It’s the last day of the conference, the day where often new members make their first INFORMS presentations. Many of us know someone whose training is not in ORMS per se, but whom we’d enjoy seeing at the conference because of their related work. I decided to interview someone whom I have encouraged to attend a future INFORMS conference, Dr. Wayne Mackey.
Wayne is a Neuroscientist at NYU (and received his PhD from there), and is the Founder and CEO of Statespace. Statespace’s mission is to bring standardized gamer performance analytics, training, and scouting to Esports. Statespace’s first product, Aim Lab, is a training tool that utilizes neuroscience and artificial intelligence to become a smart personal trainer for both professional and casual first-person shooter players. He was kind enough to answer a few questions of interest about the present and future of video game analytics, and how he approaches analytics from his neuroscience background.
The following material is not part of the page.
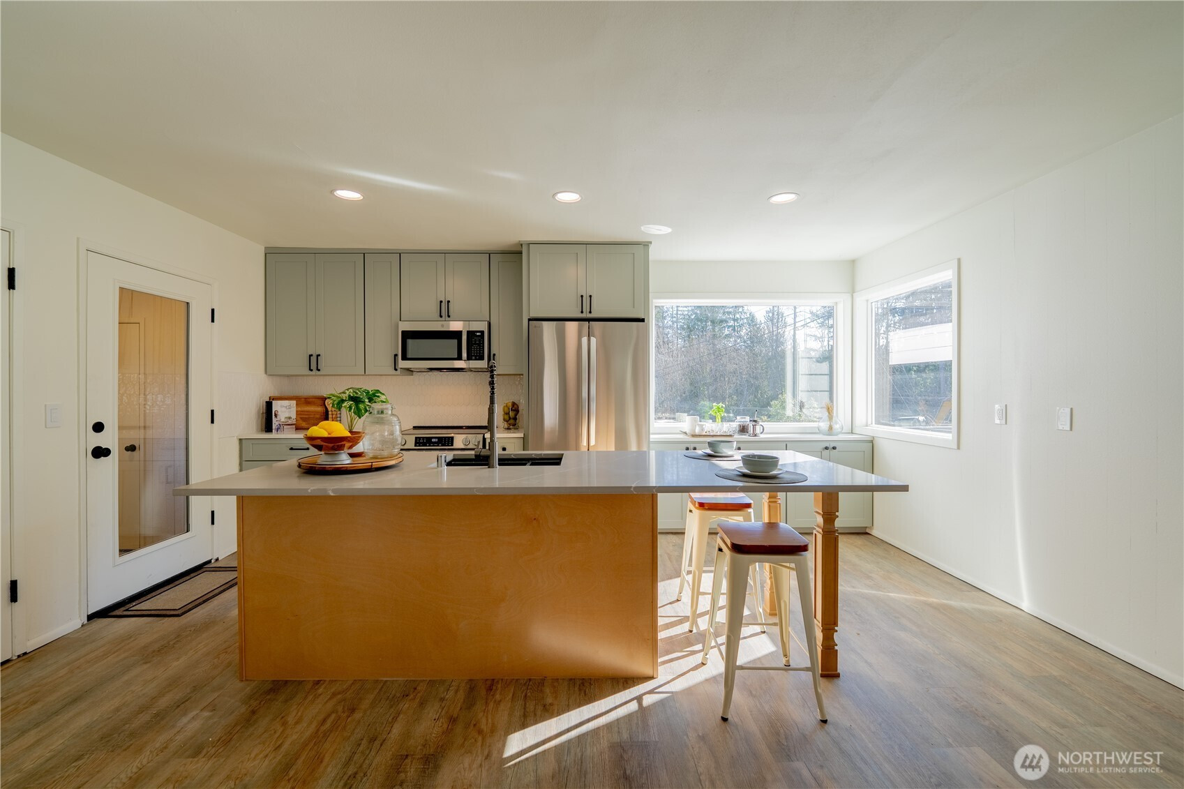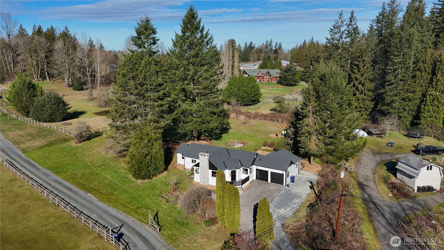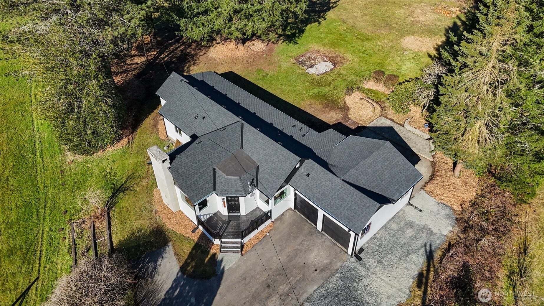 Large 1656 sq ft rambler on almost an acre in Three Lakes area near Panther Lake! Fully permitted renovation along with a new septic system. New Roof, Attic Insulation, Exterior Paint & Updated Vinyl Windows. You will fall in love with the eating bar island which is large enough to seat 7. Custom tile backsplash, SS Appliances and recessed lighting compliment the new cabinets and quartz countertops. Both bathrooms have been updated with new plumbing, new tub/showers, new vanities, new sinks & faucets. The laundry has a new Hot Water Tank, Washer & Dryer. There is a nice mudroom that leads to the concrete patio and fish pond. The Extra Large 2 car garage is attached and has newer garage door openers, firewood box, and work area. RV Parking.

I’ve also included some sample screens from the Aim Lab product to give you an idea of the analytical output, for those interested.
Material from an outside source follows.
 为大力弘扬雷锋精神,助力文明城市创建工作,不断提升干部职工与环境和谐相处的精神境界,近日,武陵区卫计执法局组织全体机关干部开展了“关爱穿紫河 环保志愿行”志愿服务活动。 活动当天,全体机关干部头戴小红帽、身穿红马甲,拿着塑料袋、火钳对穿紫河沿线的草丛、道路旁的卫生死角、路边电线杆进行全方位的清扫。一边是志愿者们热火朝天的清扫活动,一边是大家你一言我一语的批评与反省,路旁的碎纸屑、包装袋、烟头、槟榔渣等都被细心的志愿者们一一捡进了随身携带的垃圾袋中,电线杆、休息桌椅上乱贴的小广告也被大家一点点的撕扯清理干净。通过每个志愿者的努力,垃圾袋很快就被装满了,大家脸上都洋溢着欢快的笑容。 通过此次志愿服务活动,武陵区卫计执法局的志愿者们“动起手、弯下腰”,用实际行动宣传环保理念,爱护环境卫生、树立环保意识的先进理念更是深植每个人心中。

How does your background as a scientist affect how you look at analytics problems? Have you worked closely with mathematicians or engineers in analytics, and what differences do you see in perspectives?
“As a scientist, I am very hypothesis-driven. That is, before I even start looking at data I try to have some things that I want to test specifically. Rather than just throw the proverbial machine learning (ML) kitchen sink at a set of data, I think deeply about what I want to get out of it and why, and let that drive what methods I use to collect or analyze data. With all of the cool ML and stats toolboxes out there, just about anyone can download a package and some data, and run some technically sophisticated methods of analysis at some data and get something to come out the other end. While it’s amazing that it is so easy to do so, that can also be harmful without the proper theoretical framework around the problem you are trying to solve.
I’ve worked with mathematicians, engineers, physicists, neuroscientists, and just about anyone else with a strong computational background interested in ML and data science. Honestly, I haven’t noticed any practical differences in perspectives based on domain, but more so just differences based on personality and unique thought processes for problem solving in general…and I think that variability is a very valuable strength and much-needed.”
How have you handled the challenge of presenting detailed performance results to an audience of gamers who may not understand statistics well? What changes have you had to make to better accommodate their feedback needs?
“This is actually something we are constantly optimizing and learning from. Our first approach was to appease the hardcore players who would be data-hungry, and assumed that our product would attract those types of the players the most. We were very wrong. We quickly found that dumping data on players was a terrible idea, and that many of our data visualizations were confusing and lacked context. That wasn’t true for all players, but definitely for the majority. So we took that valuable feedback and learned from it, rolling out new ways of conveying critical inferences about their performance data.
Our recent approach has been to split the data across a few tabbed screens. So when receiving feedback, the initial screen is as simple and straightforward as possible. We actually take important things to take away from the data and codify that directly into actionable text. For instance, instead of just showing a player with data or a visualization that they are undershooting targets, or less accurate at one portion of the screen compared to another, we literally just say it. For those who want to dig a bit deeper and get their hands dirty with data, we have advanced tabs where all of that information is just a click away. So far we have found this is a great happy medium for both types of players.”
Video game analytics are still in their infancy in some ways. What statistics do you see becoming more important over time? Is it easy to find past databases of gamer performance in top competition? How are gamers responding to the concept of analytics in improving gameplay?
“Gamers, as well as coaches and team owners at the professional level are craving analytics. There are constant comparisons and parallels being drawn between traditional stick-and-ball sports and Esports. Although Esports has already surpassed several traditional sports in viewership, it lags behind in core things like data analytics. I don’t know that there is a single statistic that will become more important over time, but I do think that individual fundamental skill and ability data is severely lacking and something that will be vital in Esports just like it is in traditional sports. In traditional sports, you measure how fast someone is, how strong someone is, how high they can jump. These are fundamental skills based solely on your own performance, are measured outside of the game being played (such as the NBA or NFL combine), and are free from confounds of the skill level of your teammates or opponents.
What the analogues of these fundamental skills are in Esports, and how to measure them in a standardized way have evaded the industry as a whole. This is something we as a company are changing. This type of data is profoundly valuable in traditional sports – from scouting to training and storytelling. And we believe this data will be just as important in Esports.”
My thanks to Wayne for his time. I searched the INFORMS program and noted we had three presentations that mentioned video games this year. I’ve encouraged him to submit a presentation to INFORMS next year, and hope to see more work in the emerging area of video game analytics. I also encourage others to join me in inviting their friends and colleagues in related fields to make an INFORMS presentation in Seattle next year!